In one of his later experiments, Heinrich ties meat to a string and watches as the ravens figure out how to first pull and work the string up to get the meat off, and then pull the string down from a higher perch, using their feet to hold down the sections of rope.

Heinrich describes research journeys to Germany, where German ravens have an entirely unique repertoire of calls and nest in huge birch trees instead of pines. Rather than using power poll spikes like Heinrich, the German scientists tied filament line to rope and then rope ladders to get up in the nesting trees, many of which were old growth giants that had government protection and were used by the birds year after year.

In a remote village on Baffin Island in the Canadian Arctic, an old man tells him of the collaborative relationship that once prevailed between ravens and hunters. Ravens would fly along with hunting parties and make a wing-dipping move to signal the hunters toward caribou. This story is told in a way showing early belief that with the birds’ help, the hunt would be successful and everyone, humans and birds, would end up with a bountiful feast.

Yet Heinrich’s research and conclusions show skepticism of this tale, and after he witnesses the wing-tipping move in Yellowstone for himself, he indicates that while the move is not likely done to tip hunters off to a food sources over the hill. It is more likely a way for ravens to have fun flying in a wind updraft while they go along with the humans on the hunt. Yet it could very well result in such a successful hunt outcome if humans followed the birds, rather than going off in another direction in the forest and the snow.

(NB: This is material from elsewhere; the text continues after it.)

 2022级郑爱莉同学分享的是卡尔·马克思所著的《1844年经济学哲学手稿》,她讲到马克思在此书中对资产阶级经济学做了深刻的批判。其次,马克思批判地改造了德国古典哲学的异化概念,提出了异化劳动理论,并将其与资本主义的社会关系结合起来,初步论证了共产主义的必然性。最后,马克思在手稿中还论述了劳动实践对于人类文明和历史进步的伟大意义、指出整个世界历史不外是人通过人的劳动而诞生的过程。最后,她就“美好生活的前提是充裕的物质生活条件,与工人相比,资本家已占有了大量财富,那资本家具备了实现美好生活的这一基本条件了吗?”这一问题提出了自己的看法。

So were the ravens following the hunters? Or the hunters following the ravens? Maybe a little bit of both?

At a wolf research center in Nova Scotia, Heinrich learns by experiment that ravens prefer to feed in the presence of wolves, which are seen on multiple occasions feeding together peacefully, while ravens tend to avoid some easy food sources provided by humans with no wolves present.

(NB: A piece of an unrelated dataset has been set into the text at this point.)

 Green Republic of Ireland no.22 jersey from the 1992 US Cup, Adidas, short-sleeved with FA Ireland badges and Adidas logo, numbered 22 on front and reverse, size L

In Yellowstone National Park, Heinrich nails the research on ravens hunting and feeding with wolves. This confirms for Heinrich why ravens in Maine and Vermont are often skeptical of food he provides and sometimes take a while, having a long conversation with each other and even doing a little dance near the kill, before coming around to feed. It’s the absence of wolves, which help give the ravens confidence that no other predators will come around to harass them. Heinrich points out that this evolutionary behavior must go back hundreds of thousands of years before hominids came along.

After seeing this pattern repeated in Yellowstone, Heinrich begins thinking of ravens as “wolf-birds,” commensal partners of the pack-hunting carnivores upon whom they depend for part of their diet. After seeing the same behavior during an elk hunt north of Yellowstone, he documents and extrapolates that the same sort of bond must have connected human hunting bands and ravens as well.

The birds are not just following the wolves and hunters to get food for themselves. They have a hard time opening up a deer or elk carcass with their beaks without the help of the sharp teeth of the wolves, or the sharp knives of the hunters. They also seem to lead wolves, hunters and other predators to food sources, including bears, which are not as friendly to ravens when they come near a fresh kill. In one documented incident a brown bear was seen trying to chase away ravens from a fresh kill with swipes of a huge paw, and then laying down on top of a dead calf to keep the birds and wolves from getting their fair share.

“Ravens are the quintessential northern bird,” Heinrich writes. “It is no accident that they are also the bird most closely associated with humans in the culture and folklore of northern people.”